--- Data to process ---

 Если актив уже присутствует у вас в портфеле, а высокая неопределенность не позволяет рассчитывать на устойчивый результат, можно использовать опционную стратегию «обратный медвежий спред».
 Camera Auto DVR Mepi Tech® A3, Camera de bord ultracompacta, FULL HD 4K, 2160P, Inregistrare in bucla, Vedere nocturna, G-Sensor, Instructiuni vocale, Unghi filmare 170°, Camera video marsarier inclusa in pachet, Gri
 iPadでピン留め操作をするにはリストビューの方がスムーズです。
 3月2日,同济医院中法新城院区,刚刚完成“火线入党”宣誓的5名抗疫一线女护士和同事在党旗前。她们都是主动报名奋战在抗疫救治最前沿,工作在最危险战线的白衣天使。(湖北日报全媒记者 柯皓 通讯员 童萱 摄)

---
--- Data to process ---

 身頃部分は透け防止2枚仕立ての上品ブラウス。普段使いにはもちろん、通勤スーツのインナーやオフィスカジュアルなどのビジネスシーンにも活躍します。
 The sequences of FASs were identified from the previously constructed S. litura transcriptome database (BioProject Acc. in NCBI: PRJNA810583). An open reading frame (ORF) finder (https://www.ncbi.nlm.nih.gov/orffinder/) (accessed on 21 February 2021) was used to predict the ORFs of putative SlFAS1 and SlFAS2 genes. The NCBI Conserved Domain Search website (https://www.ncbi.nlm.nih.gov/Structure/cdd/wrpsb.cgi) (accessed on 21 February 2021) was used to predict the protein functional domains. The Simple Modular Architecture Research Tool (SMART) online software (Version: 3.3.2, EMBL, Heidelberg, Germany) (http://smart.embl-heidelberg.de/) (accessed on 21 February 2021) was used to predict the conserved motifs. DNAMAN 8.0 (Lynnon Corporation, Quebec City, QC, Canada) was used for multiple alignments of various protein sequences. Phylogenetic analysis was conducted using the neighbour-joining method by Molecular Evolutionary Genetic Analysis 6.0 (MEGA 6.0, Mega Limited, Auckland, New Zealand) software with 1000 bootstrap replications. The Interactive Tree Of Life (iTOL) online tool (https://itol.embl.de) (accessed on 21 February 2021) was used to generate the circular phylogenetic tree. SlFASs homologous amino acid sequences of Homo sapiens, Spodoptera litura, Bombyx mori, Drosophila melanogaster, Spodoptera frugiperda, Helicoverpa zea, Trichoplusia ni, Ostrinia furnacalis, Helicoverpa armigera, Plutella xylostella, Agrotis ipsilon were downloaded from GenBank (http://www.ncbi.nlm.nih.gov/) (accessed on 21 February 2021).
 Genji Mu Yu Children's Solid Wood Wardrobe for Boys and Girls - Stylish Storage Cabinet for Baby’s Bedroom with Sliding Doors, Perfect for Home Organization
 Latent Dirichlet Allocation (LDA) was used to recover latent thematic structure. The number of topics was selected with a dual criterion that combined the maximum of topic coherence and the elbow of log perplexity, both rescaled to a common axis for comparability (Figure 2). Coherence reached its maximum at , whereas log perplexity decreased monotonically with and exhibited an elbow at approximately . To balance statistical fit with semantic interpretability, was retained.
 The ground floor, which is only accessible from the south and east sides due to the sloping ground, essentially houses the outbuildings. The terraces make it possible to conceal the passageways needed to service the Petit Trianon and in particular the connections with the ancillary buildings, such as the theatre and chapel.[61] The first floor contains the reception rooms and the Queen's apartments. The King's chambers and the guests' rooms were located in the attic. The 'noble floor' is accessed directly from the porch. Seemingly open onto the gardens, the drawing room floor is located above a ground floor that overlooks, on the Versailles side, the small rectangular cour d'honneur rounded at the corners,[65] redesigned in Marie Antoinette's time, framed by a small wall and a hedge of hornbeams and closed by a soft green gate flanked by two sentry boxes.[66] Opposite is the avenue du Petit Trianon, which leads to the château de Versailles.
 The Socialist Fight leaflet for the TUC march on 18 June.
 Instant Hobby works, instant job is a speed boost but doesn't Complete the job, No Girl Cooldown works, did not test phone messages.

---

The lines above from the one with "Если актив уже" through the one with "柯皓 通讯员 童萱 摄)" are to be duplicated exactly, ends included, with nothing added.

Response to this exercise
 Если актив уже присутствует у вас в портфеле, а высокая неопределенность не позволяет рассчитывать на устойчивый результат, можно использовать опционную стратегию «обратный медвежий спред».
 Camera Auto DVR Mepi Tech® A3, Camera de bord ultracompacta, FULL HD 4K, 2160P, Inregistrare in bucla, Vedere nocturna, G-Sensor, Instructiuni vocale, Unghi filmare 170°, Camera video marsarier inclusa in pachet, Gri
 iPadでピン留め操作をするにはリストビューの方がスムーズです。
 3月2日,同济医院中法新城院区,刚刚完成“火线入党”宣誓的5名抗疫一线女护士和同事在党旗前。她们都是主动报名奋战在抗疫救治最前沿,工作在最危险战线的白衣天使。(湖北日报全媒记者 柯皓 通讯员 童萱 摄)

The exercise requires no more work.